_Task details:_
Everything from the opening line of the listing below to the line that has "チュンポン市内から河口までの当時の道路の状況。象の力を借りなければならなかった", inclusive, should be returned exactly, except the pictures.

_Records provided:_

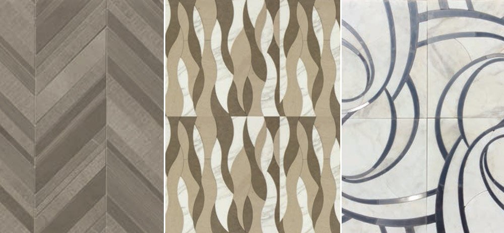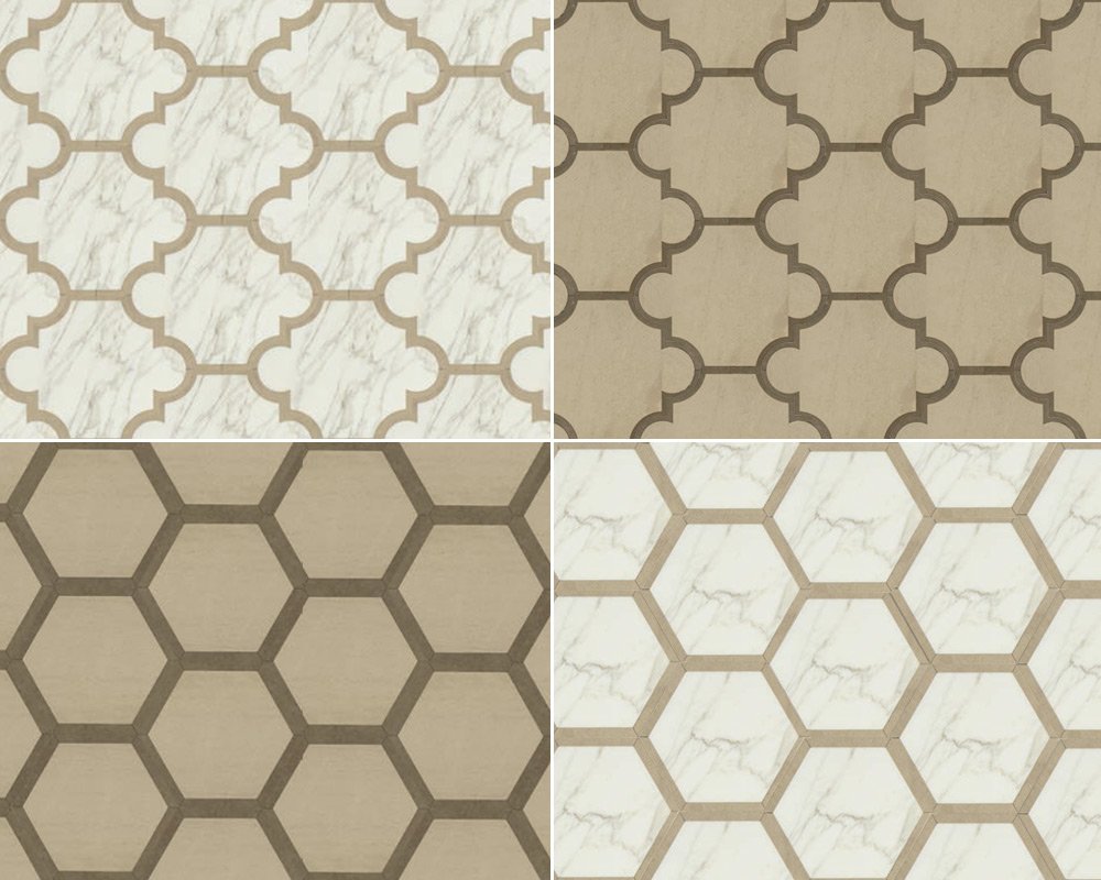 These two-tone tile patterns for walls or floors pair complementary stone shade to create the effect Create a beautiful inlaid floor design with either of these elegant tile shapes. Scaled up to 12″, Suave Due Hexagon tiles are an opulent throwback to a classic format. Italian for key, Chiave (12 5/8″ x 15 3/4″) tiles look like a fairy-tale keyholes and wouldn’t be out of place in Cinderella’s castle.
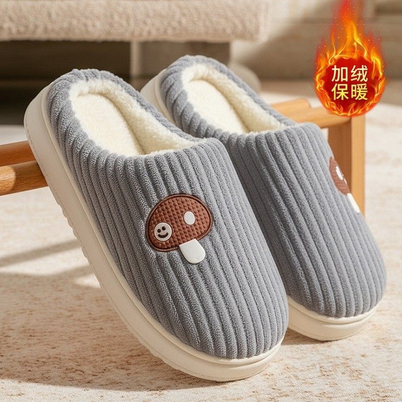 朴西棉拖鞋女士保暖防滑秋冬季居家用室内静音简约软底情侣棉鞋男
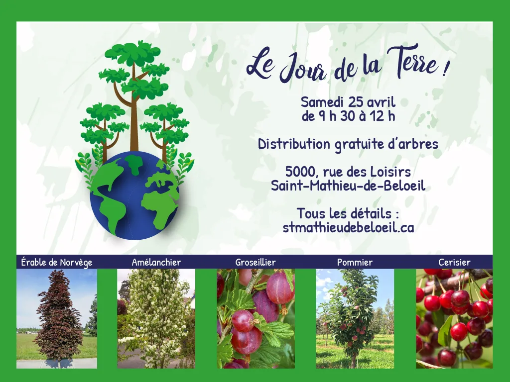 Consultez la belle variété d’arbres qui seront distribués sur le site web de la municipalité : www.stmathieudebeloeil.ca/loisirs-culture/evenements/celebrons-le-jour-de-la-terre/
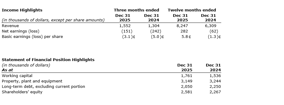 For the year ended Dec. 31, 2025, the corporation reported net earnings of $282,000, or 5.8 cents per share, on revenue of $8,247,000, compared with a net loss of $62,000, or 1.3 cents per share, on revenue of $6,309,000 for the 2024 fiscal year. For the three months ended Dec. 31, 2025, the corporation reported a net loss of $151,000, or 3.1 cents per share, on revenue of $1,552,000, compared with a net loss of $242,000, or 5.0 cents per share, on revenue of $1,304,000, for the same period in 2024.
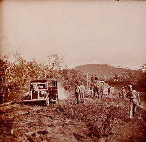 チュンポン市内から河口までの当時の道路の状況。象の力を借りなければならなかった
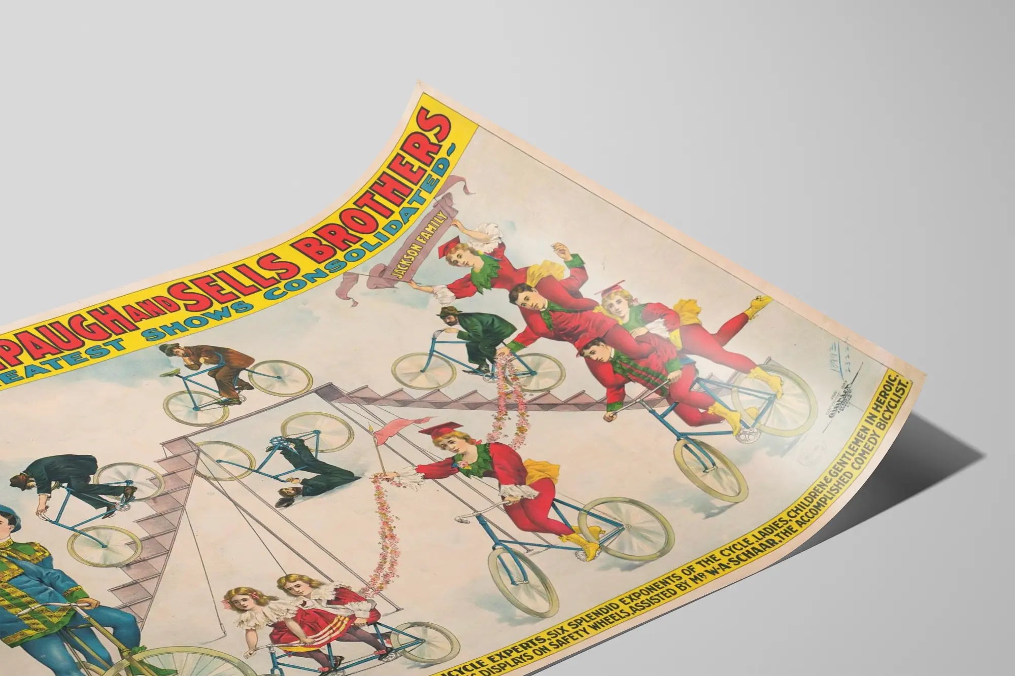 Ontdek deze prachtige vintage poster met een scène van The Adam Forepaugh en Sells Brothers, die het grootste Amerikaanse spektakel samenbrengt met de beroemde familie Jackson. Deze affiche, typerend voor circussen en reizende shows uit het einde van de 19e eeuw, toont een uitzonderlijke acrobatische prestatie op de fiets. Op deze wanddecoratie kunt u vele artiesten bewonderen, gekleed in kleurrijke kostuums, die balancerend en atletische figuren uitvoerend op fietsen, het talent en de creativiteit van deze artiesten uit die tijd illustreren. Dit wandpaneel is perfect om een retro en artistieke sfeer aan uw interieur toe te voegen, en roept de fascinerende wereld op van oude shows en circussen. De affiche heeft levendige kleuren en een gedetailleerde grafische stijl, waardoor het ideaal is als muurdecoratie voor liefhebbers van vintage kunst en historische show scènes. Deze wanddecoratie is een uitstekende keuze om een woonkamer, kantoor of een ruimte voor het verzamelen van artistieke objecten te personaliseren, met een authentiek karakter en een charme van vroeger. Een unieke wanddecoratie die de geest van de shows en de magie van acrobatische fietsoptredens vastlegt, en de esthetische en culturele waarde van die periode benadrukt. Perfect voor verzamelaars of voor wie een poster met een oude stijl wenst, rijk aan geschiedenis en visuele dynamiek. Dit kunstwerk als wanddecoratie is een levendig eerbetoon aan de artiesten en de wereld van reizende shows, met een dynamisch en feestelijk tafereel vol beweging en kleuren. Geef uw muren een affiche die een verhaal vertelt, waarbij de precisie van oude illustraties wordt gecombineerd met een boeiende en nostalgische sfeer.
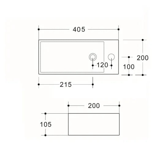 Compact Wall Hung 405x200x105 R/H and L/H Basin
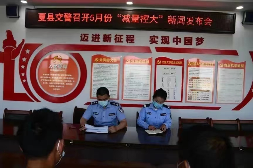 (本网讯:景继光 通讯员:李官海)为进一步加大交通安全宣传覆盖率和影响力,积极营造浓厚的宣传氛围,5月26日,夏县公安局交通管理大队在大队三楼会议室召开5月份事故预防“减量控大”新闻发布会。

_The answer:_
 These two-tone tile patterns for walls or floors pair complementary stone shade to create the effect Create a beautiful inlaid floor design with either of these elegant tile shapes. Scaled up to 12″, Suave Due Hexagon tiles are an opulent throwback to a classic format. Italian for key, Chiave (12 5/8″ x 15 3/4″) tiles look like a fairy-tale keyholes and wouldn’t be out of place in Cinderella’s castle.
 朴西棉拖鞋女士保暖防滑秋冬季居家用室内静音简约软底情侣棉鞋男
 Consultez la belle variété d’arbres qui seront distribués sur le site web de la municipalité : www.stmathieudebeloeil.ca/loisirs-culture/evenements/celebrons-le-jour-de-la-terre/
 For the year ended Dec. 31, 2025, the corporation reported net earnings of $282,000, or 5.8 cents per share, on revenue of $8,247,000, compared with a net loss of $62,000, or 1.3 cents per share, on revenue of $6,309,000 for the 2024 fiscal year. For the three months ended Dec. 31, 2025, the corporation reported a net loss of $151,000, or 3.1 cents per share, on revenue of $1,552,000, compared with a net loss of $242,000, or 5.0 cents per share, on revenue of $1,304,000, for the same period in 2024.
 チュンポン市内から河口までの当時の道路の状況。象の力を借りなければならなかった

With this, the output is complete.